Le dernier bilan du ministère de l’Action et des Comptes publics fait état d’une hausse des fraudes à l’assurance-maladie détectées en 2016. Si parmi les professionnels de santé pincés par les services de contrôle la moitié sont des infirmiers libéraux, plus d’un tiers sont des pharmaciens.
Les contrôles menés en matière de fraudes à l'assurance-maladie ont permis de mettre la main sur un nombre croissant de contrevenants. En 2016, selon le rapport de la Délégation nationale à la lutte contre la fraude (DNLF) du ministère de l’Action et des Comptes publics, le montant des fraudes a ainsi atteint 253,31 millions d’euros, soit une hausse de 5,41 % par rapport à 2015. Un préjudice à hauteur de 244,8 millions d’euros concernait la CNAMTS (+ 5,8 % par rapport à 2015).
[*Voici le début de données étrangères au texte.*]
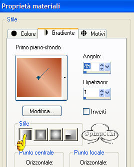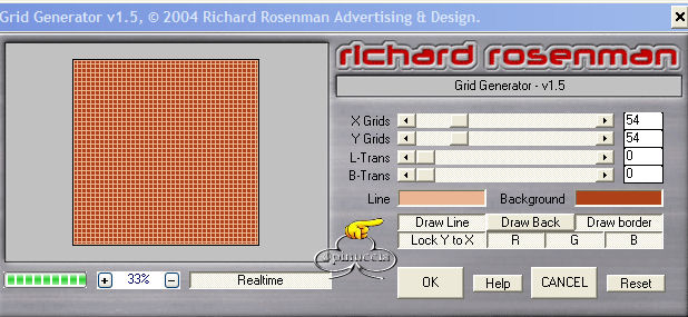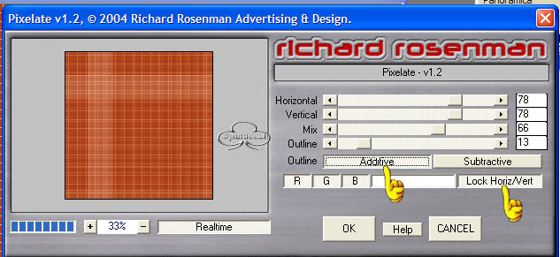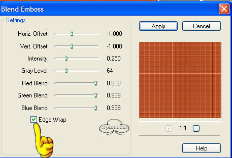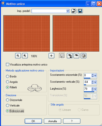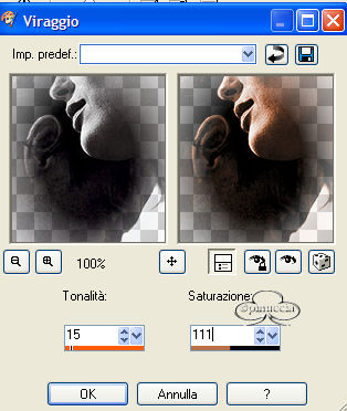 qui puoi trovare qualche risposta ai tuoi dubbi. Se l'argomento che ti interessa non è presente, ti prego di segnalarmelo. Questo tutorial è stato creato con PSP versione 8. Per tradurlo, l'ho eseguito con la versione 9. Occorrente: Paint Shop Pro. Filtri: Richard Rosenman's Grid Generator qui Richard Rosenman's Pixelate qui FM Tile Tools - Blend Emboss qui Materiale qui Font a scelta. 1. Apri i tubes in PSP e minimizzali per il momento. Apri una nuova immagine trasparente 500 x 500 pixels. Scegli due colori dal tuo tube principale (quello della donna). Seleziona un colore scuro per il primo piano io ho usato #AE4118, e un colore medio chiaro per lo sfondo io ho usato #EBB493. 2. Riempi l'immagine con il colore scuro di primo piano.Effetti>PluginS>Richard Rosenman/Grid Generator, usando i seguenti settaggi: ![]() 3. Effetti>Plugins>Richard Rosenman/Pixelate, usando i seguenti settaggi: ![]() APPLICA QUESTO FILTRO DUE VOLTE! Regola>Messa a fuoco>Metti a fuoco. 4. Effetti>Effetti di immagine>Motivo unico, usando i seguenti settaggi: ![]() 5. Effetti>Plugins>FM Tile Tools/Blend Emboss, usando i settaggi standard. ![]() 6. Apri il tube Misted Roses e vai a Modifica>Copia. Adesso puoi chiudere il tube. Torna al tuo lavoro e vai a Modifica>Incolla>Incolla come nuovo livello. Spostalo in basso sul lato sinistro.Nella paletta dei livelli cambia la modalità di miscelatura in Luce diffusa. 7. Apri il tuber Lady's Profile tube e vai a Modifica>copia. Adesso puoi chiuderlo. Torna al tuo lavoro e vai a Modifica>Incolla>Incolla come nuovo livello. Immagine>Ridimensiona dell'85% per un totale di due volte: bicubica e tutti i livelli non selezionato: ![]() Sposta l'immagine sul lato destro (vedi tag finale come esempio).8. Regola>Morbidezza>Fuoco diffuso, usando i seguenti settaggi: NOTA: Se stai usando una versione di PSP che non ha il Fuoco diffuso, puoi usare il filtro Xero>Porcelain per dare al tube un effetto morbido. ![]() 9. Apri il tube della coppia e vai a Modifica>Copia. Adesso puoi chiudere il tube. Torna al tuo lavoro e vai a Modifica>Incolla>Incolla come nuovo livello. Regola>Saturazione e tonalità>Viraggio, usando i seguenti settaggi: ![]() 10. Regola>Morbidezza>Fuoco diffuso con i settaggi usati al passo 8. Sposta il tube sull'angolo superiore sinistro (vedi tag finale come esempio).Nella paletta dei livelli cambia la modalità di miscelatura in Luce diffusa e abbassa l'opacità al 70%. 11. Apri il file di testo bittersweet memories e vai a Modifica>Copia. Puoi chiudere il tube adesso. Ritorna al tuo lavoro e vai a Modifica>Incolla>Incolla come nuovo livello. Immagine>Ridimensiona questo tube all'85% o una dimensione a tua scelta. Nella paletta dei livelli cambia la modalità di miscelatura in Filtra e abbassa l'opacità tra il 70 e il 75%, Posiziona il testo come mostrato nella tag finale o nella posizione che preferisci.12. Livelli>Nuovo livello raster. Riempi questo livello con il colore #87280F.Selezione>Seleziona tutto. Selezione>Modifica>Contrai - 2 pixels. ![]() Sulla tastiera premi il tasto CANC. Selezione>Nessuna selezione. Livelli>Unisci>Unisci tutto (appiattisci). 13. Attiva lo strumento Testo .Io ho usato Scrap Cursive, con i seguenti settaggi: ![]() Imposta il colore di sfondo su gradiente, usando gli stessi colori scelti per il tutorial: ![]() Immagine>Ruota>Ruota per gradi, 90 gradi a sinistra ![]() e posiziona il testo sul lato sinistro della tag.Aggiungi il tube della farfalla. Scegli se duplicarla, ruotarla, ridimensionarla... Usala a tuo piacimento. Livelli>Unisci>Unisci tutto (Appiattisci). Se necessario, riduci la tag (Immagine>Ridimensiona...) e salva nel formato che preferisci. ![]() Se hai problemi o dubbi, o trovi un link non funzionante, o anche soltanto per un saluto, scrivimi. Maggio 2006 |

Sur l’ensemble des fraudes relevées, 2 232 émanaient de professionnels de santé et d’établissements de santé pour un montant de 4,52 millions d’euros. Les professionnels de santé sont à l’origine de 42 % de ce volume, représentant 1 325 fraudes. Si le montant de ces infractions a baissé de 18 %, leur fréquence a augmenté de 42 %. Les infirmiers libéraux constituent le gros de ces fraudeurs avec 47 % des fraudes identifiées. Il est vrai qu’ils sont plus nombreux sur le territoire que les pharmaciens qui, eux, se placent au deuxième rang (32 %).
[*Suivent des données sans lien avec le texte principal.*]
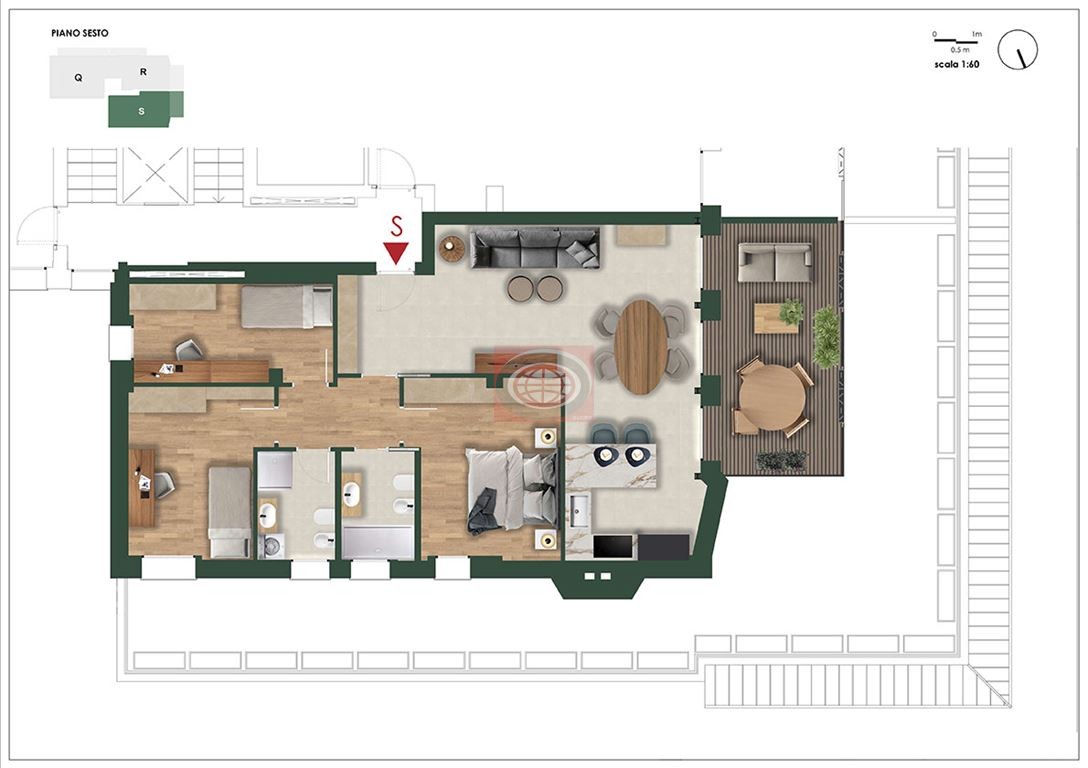 CESENA CENTRO URBANO ( AC620s ): Per gli amanti del centro città, in posizione strategica tra la stazione e il centro storico, è in fase di realizzazione la totale ristrutturazione di un palazzo di sette piani, con l' ambizioso intento di mantenere lo spirito del passato rivisitandolo in chiave moderna, più eco sostenibile e verde, senza snaturare alcune scelte stilistiche del suo primo progettista ( il futurista arch. Quirino De Giorgio ): la ceramica smaltata della facciata, ad esempio, vuole rappresentare un continuum e un tributo ai vecchi rivestimenti diamantati del progetto originale; il metallo bronzato, i legni e il verde di logge e balconi ne esalteranno l' eleganza; la tecnologia dei materiali impiegati e degli impianti completamente riprogettati lo renderanno un riferimento per l' abitare a Cesena. Questo progetto renderà il palazzo un giardino nel centro della città, uno spazio caldo e familiare, ma al tempo stesso verde e aperto; gli spazi esterni diventeranno elemento imprescindibile di una casa da vivere dentro e fuori. La posizione privilegiata, anche adiacente alle principali scuole cittadine e al centro commerciale Montefiore, permetterà ai futuri fortunati abitanti del palazzo, di avere tutto a portata di mano senza rinunciare ai comfort di una costruzione contemporanea. Il CAPITOLATO prevede la scelta tra 3 stili di rifiniture interne ( City, Comfort e Nature, nelle varianti chiaro e scuro ) e tra le caratteristiche salienti della struttura troviamo: riscaldamento a pavimento alimentato da pompa di calore centralizzata con conta calorie, raffrescamento a ventil alimentato con pompa di calore centralizzata, pannelli fotovoltaici ( 50 kw ripartiti tra le varie unità abitative ), cappotto termico, predisposizione allarme anti intrusione, irrigazine automatica fioriere, infissi in alluminio doppio o triplo vetro a secondo del progetto termico. L' APPARTAMENTO qui proposto è collocato al SESTO PIANO ( servito da ascensore ) ed i suoi spazi interni risultano così distribuiti: zona giorno open space di 40 mq., n° 3 camere da letto ( 14+12+11 mq. ), 2 bagni, TERRAZZO di 19 mq.; completano la proprietà una cantina ed un posto auto coperto al prezzo di Euro 37.000. - NB1: BONUS RISTRUTTURAZIONE ( legge 20/12/2021 n° 234 ) pari al 25% sul 50% del prezzo, fino ad un massimo di 48.000 Euro, detraibile in 10 anni. - NB2: Possibilità di usufruire, con prezzi a partire da 1000 euro, di INTERIOR PACK SU MISURA ( progetto distribuzione spazi interni e scelta materiali, progetto illuminotecnico, progetto esecutivo arredi su misura, consulenza tecnica per elementi di arredo da appoggio, consulenza tecnica per accessori e oggettistica ). - NB3: le presenti informazioni non costituiscono elemento contrattuale.

Plus d’un tiers des fraudes de professionnels de santé concernent la tarification et la facturation (38 %), 10 % la falsification de documents (ordonnances, feuilles de soins, bordereaux de facturation…) ; dans 8 % des cas, il s’agit d’actes fictifs, de produits non délivrés ou encore de facturation non conforme à la prescription.